Раздвоенный мудрец, Поэт и Балаганщик
Комедию любви зачем я приобрел?
Ведь лучше без тебя, ведь лучше было раньше
Там, в васильковых рощах милых наших сел.
Когда я маленький, в коротеньких штанишках,
Срывал рукою детской нежные цветы…
Теперь же в голове туманный образ Ницше,
В раздвоенной душе неясные мечты;
Теория любви – любовь мне заменила…
Кто мне посмел сказать, что будто я Поэт?
Кто отравил цветы моей прекрасной виллы?
Ведь жизнь вся впереди! Мне лишь семнадцать лет
В осеннем окне
Задумчиво раскрыл скрипящее окно,
Взглянул рассеянно на переулок старый…
Такой осенний весь я вспомнил об одном…
Твой взор сквозь тень ресниц, тяжелый и усталый,
Мне душу придавил упреком ледяным…
Тогда, как и теперь, фонарь струил свой дым
В панели зеркало – холодное, стальное.
Стояла у дверей, прощаяся с Поэтом…
Хотела попросить… я сухо отказал…
Твой шелковый платок из рук твоих упал…
Бессильно дрогнувши, ты сделалась больною…
Ушла… не застегнув осеннего пальто
И после я узнал – ты радовалась где то
Что мне оставила… хоть шелковый платок…
У огня
Ты – женщина. Свернувшись у огня
В комочек розовый колеблющихся пятен,
Ты быстро чрез плечо окинула меня
Кривой насмешкой губ…
Подруга в кресле хитро подняла
И злом бровей презреньем понятнымы…
Ты рассказала все. Ты ту тайну раздала…
Твой смех цинично груб…
Вместив любовь и наглости огня
Твой мир остался мне все так же непонятен…

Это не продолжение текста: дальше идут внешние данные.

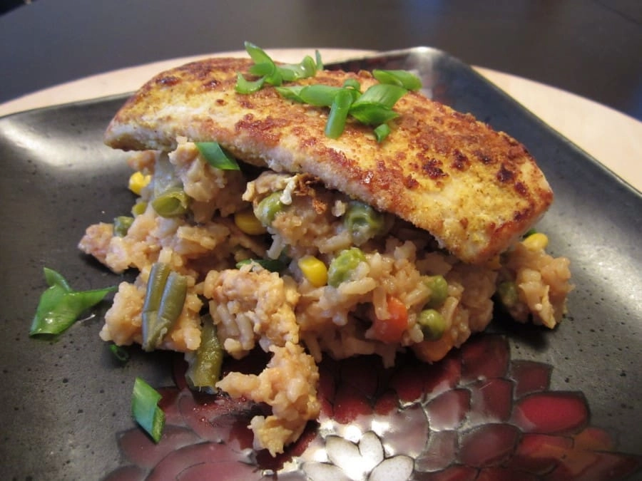 Once the edges of the fish start to turn white about halfway up the sides of the fish, gently flip the filet, and cook for a few more moments until the bottom is golden brown and comes away from the pan easily. By this time, your rice is probably done, so remove the fish to a platter to let it rest. Pour the two scrambled eggs into the hot pan, and scramble. (You can also use egg whites, but I was feeling frisky.) Once the eggs are mostly cooked, chuck in the rest of the rice, and pour your soy sauce, rice wine vinegar, and the juice from the pineapple over the top. Mix it all together quickly, making sure a little soy gets over everything. Spoon the rice onto your plate, and serve the Mahi Mahi right on top. Garnish with some lovely scallions, and voila! You have a lovely meatless, protein-filled, healthy dinner perfect for Lent!
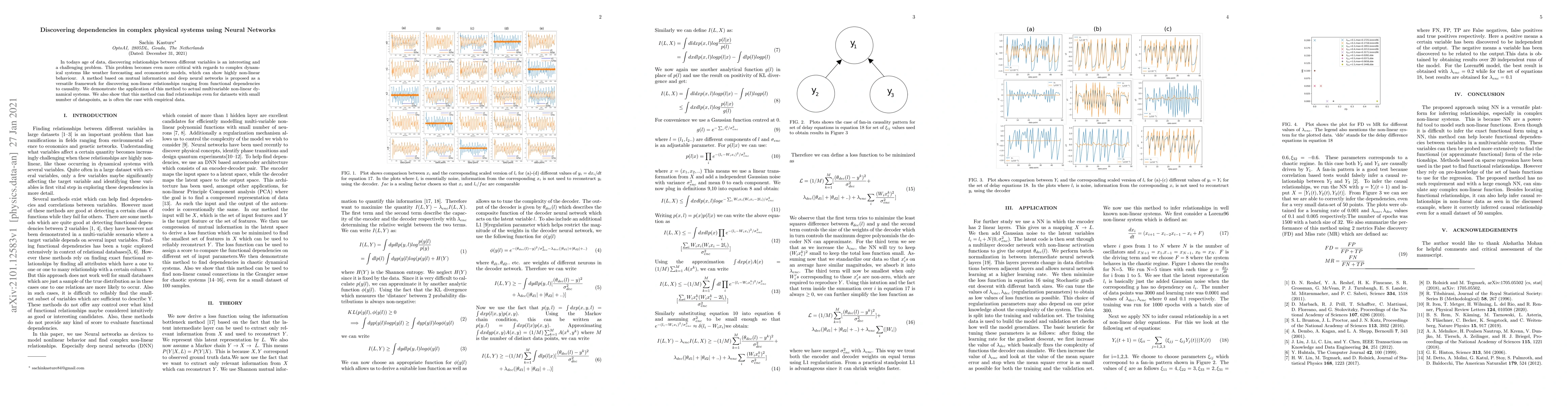 In todays age of data, discovering relationships between different variables is an interesting and a challenging problem. This problem becomes even more critical with regards to complex dynamical systems like weather forecasting and econometric models, which can show highly non-linear behavior. A method based on mutual information and deep neural networks is proposed as a versatile framework for discovering non-linear relationships ranging from functional dependencies to causality. We demonstrate the application of this method to actual multivariable non-linear dynamical systems. We also show that this method can find relationships even for datasets with small number of datapoints, as is often the case with empirical data.
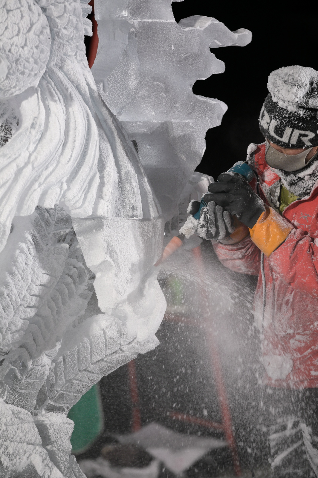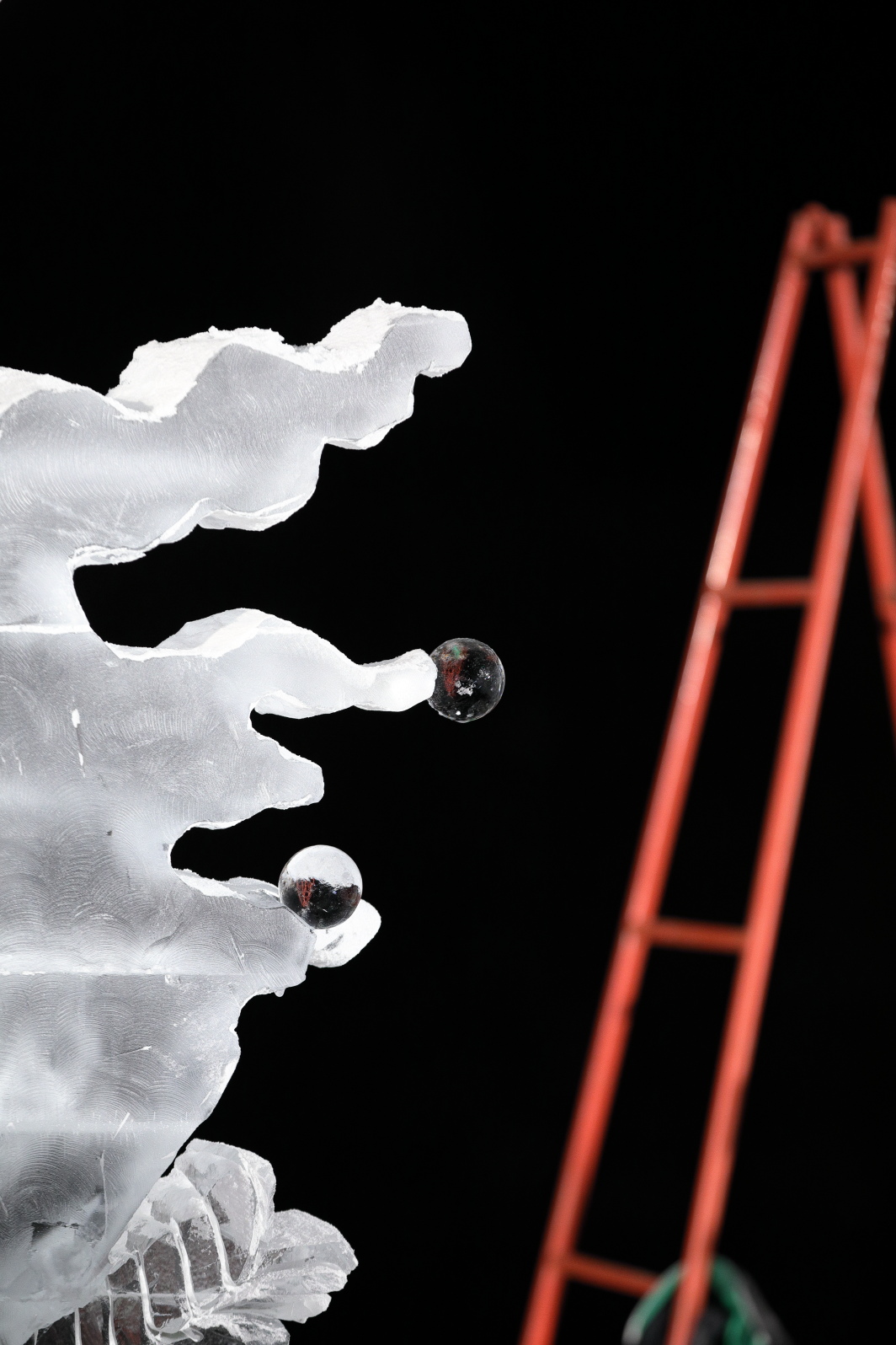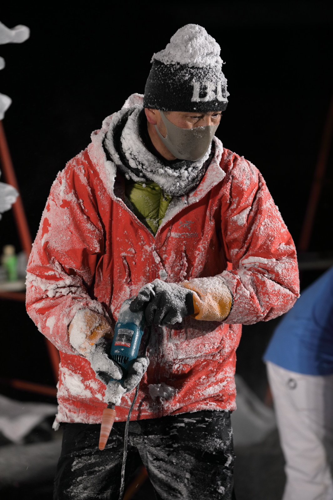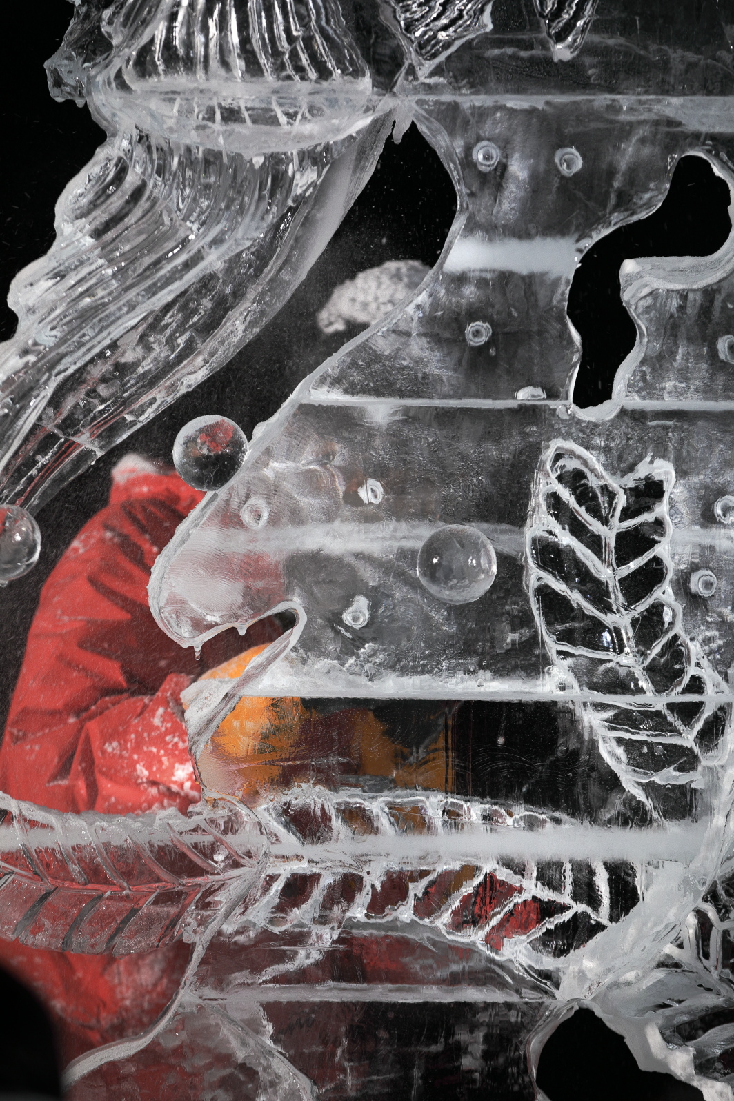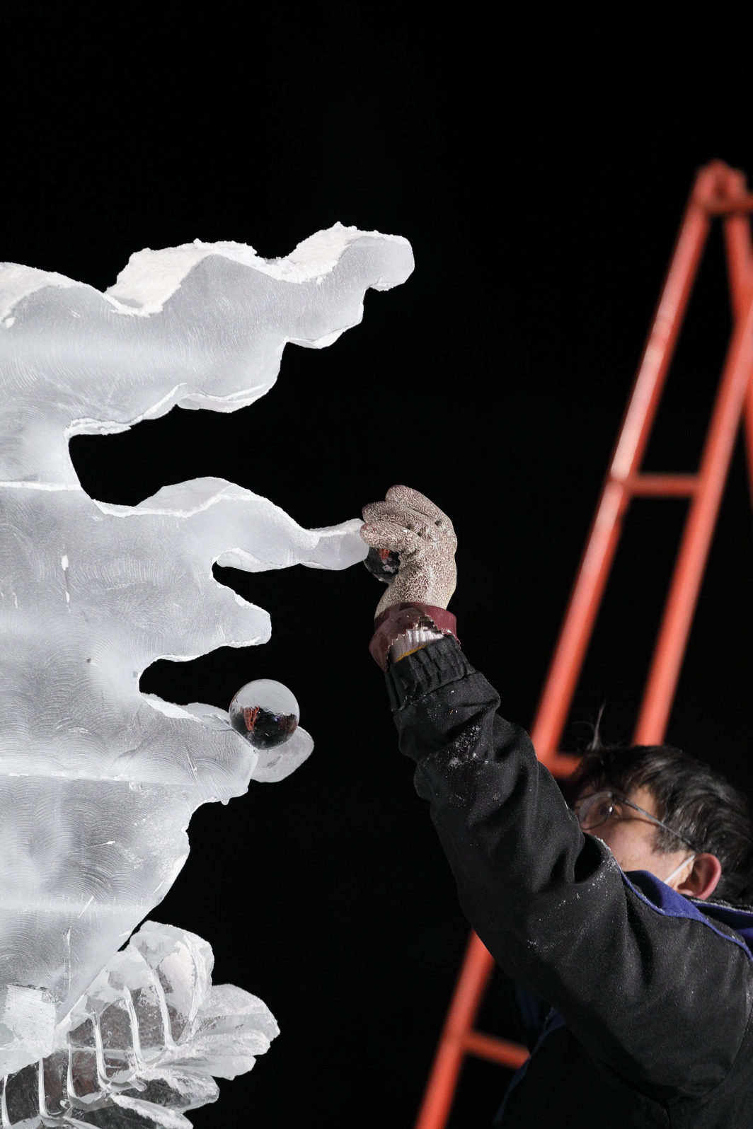 氷像の表面にまん丸に削った氷を取り付け始める。
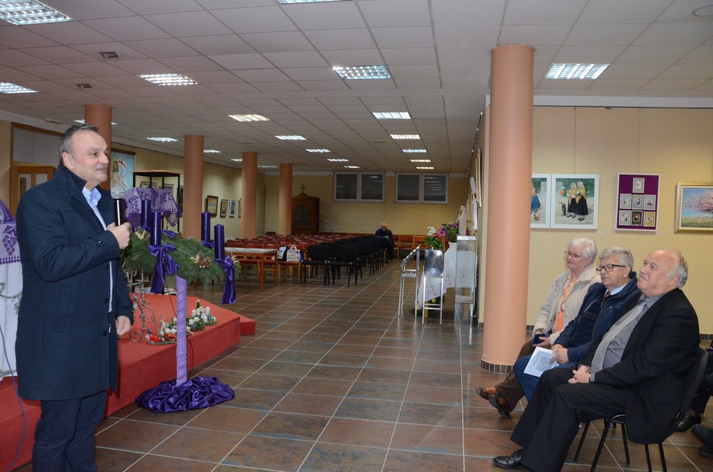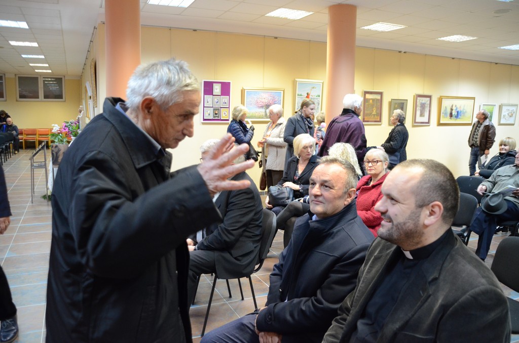 Takva je osoba Zdravko Šabarić, o kojemu su na otvorenju govorili realizator izložbe i voditelj Krešimir Blažek, zamjenik župana Ratimir Ljubić i likovni kritičar Zoran Homen. Ispred župe blaženog Alojzija Stepinca, prigodnim riječima prisutnima se obratio i vlč. Davor Šumandl, zahvalivši autoru na izložbi i darovanoj slici koja ostaje u vlasništvu župe. U sklopu otvorenja izložbe, izvedbom prigodnih vjerskih pjesama nastupio je i crkveni zbor „Stepinčeva mladež“. Izloženi radovi mogu se razgledati do 26. siječnja 2023. godine.
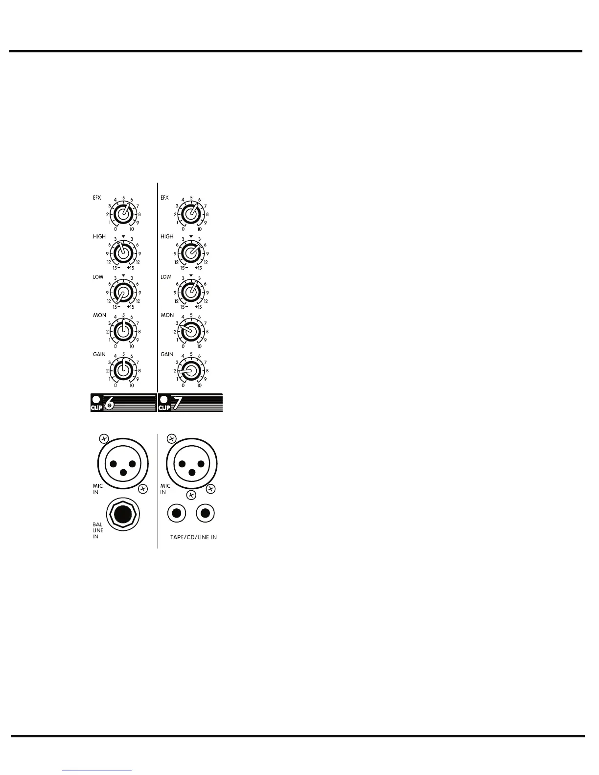 light. Reduce the GAIN setting and/or the EQ boosts if CLIP activity is excessive. (Note: center
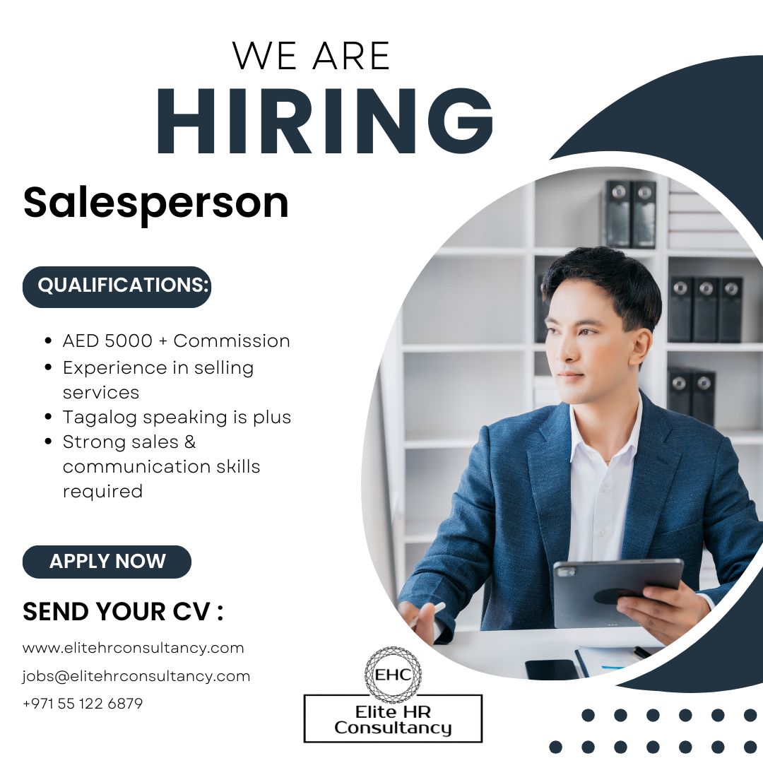 تعلن استشارات النخبة للموارد البشرية عن فتح باب التوظيف لمندوب مبيعات للانضمام إلى فريق العمل في دبي. إذا كنت تمتلك خبرة في المبيعات وخاصة في صناعة التعليم أو بيع الخدمات ولديك مهارات قوية في المبيعات والتواصل، فقد تكون هذه الفرصة لك.
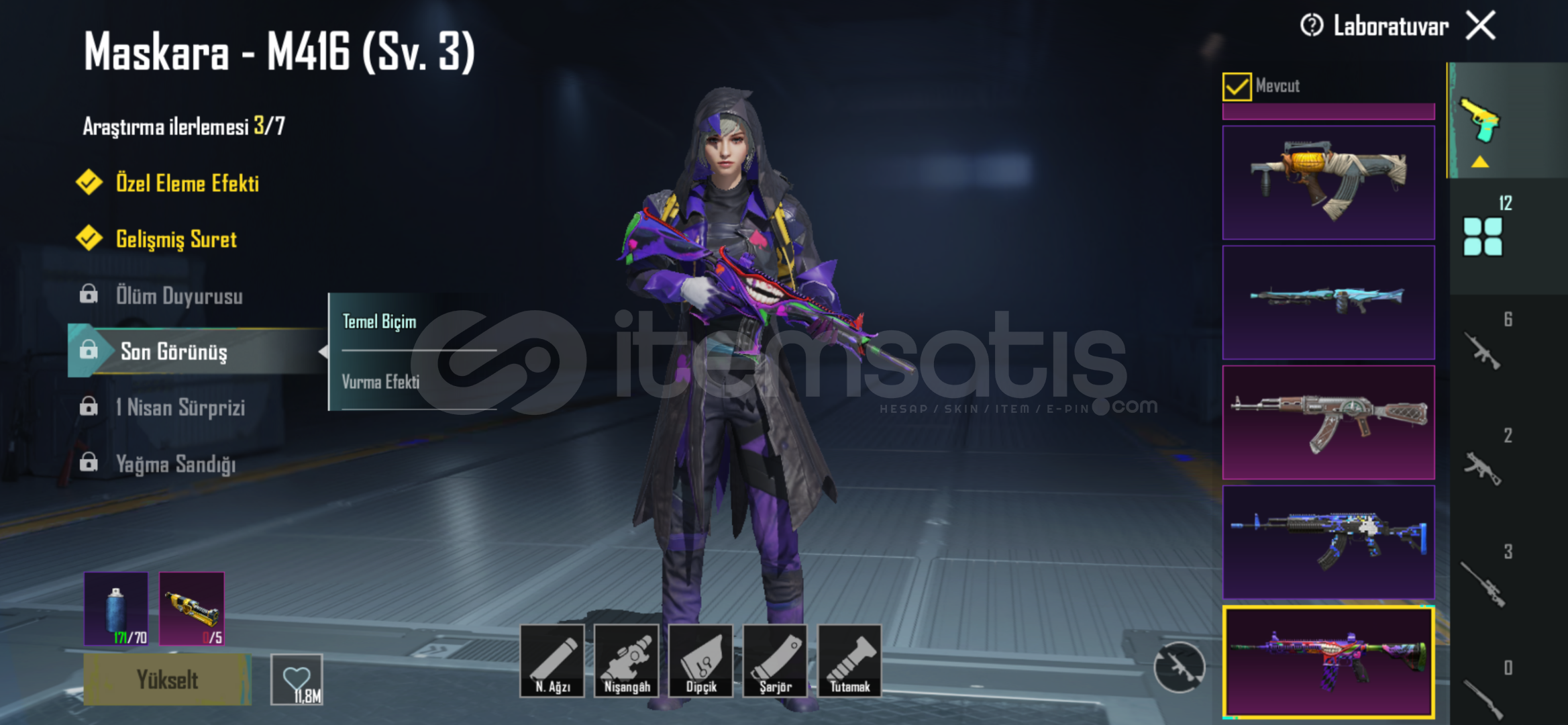 2 x suit 14 yükseltilebilir silah deseni hepsi 2 seviye üstü3 yükseltilebilir bomba deseni2 yükseltilebilir molotof desenimaskara seti fullemek dolu hesap
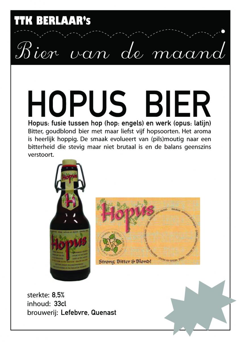 Vanaf zaterdag 19 september kunnen de speciale biertjes dus gedegusteerd worden in een authentiek Bier van de Maand-glas. Ongeveer elke maand worden een paar bakken besteld van een uitzonderlijk biertje. Het aanbod is altijd beperkt, dus wees er snel bij. Hier ziet u in primeur al de affiche van het eerste Bier van de Maand: Hopus. Gezondheid!

Но то хорошее, что было у меня
Ты превратила в труп.
Василий Катанян
«Ведь трамваи несутся, ведь грохочут моторы…»
Ведь трамваи несутся, ведь грохочут моторы,
Ведь стремится в влекущее обезумевший рок,
Почему ж в моей комнате все опущены сторы,
Почему все скрывается мой больной огонек.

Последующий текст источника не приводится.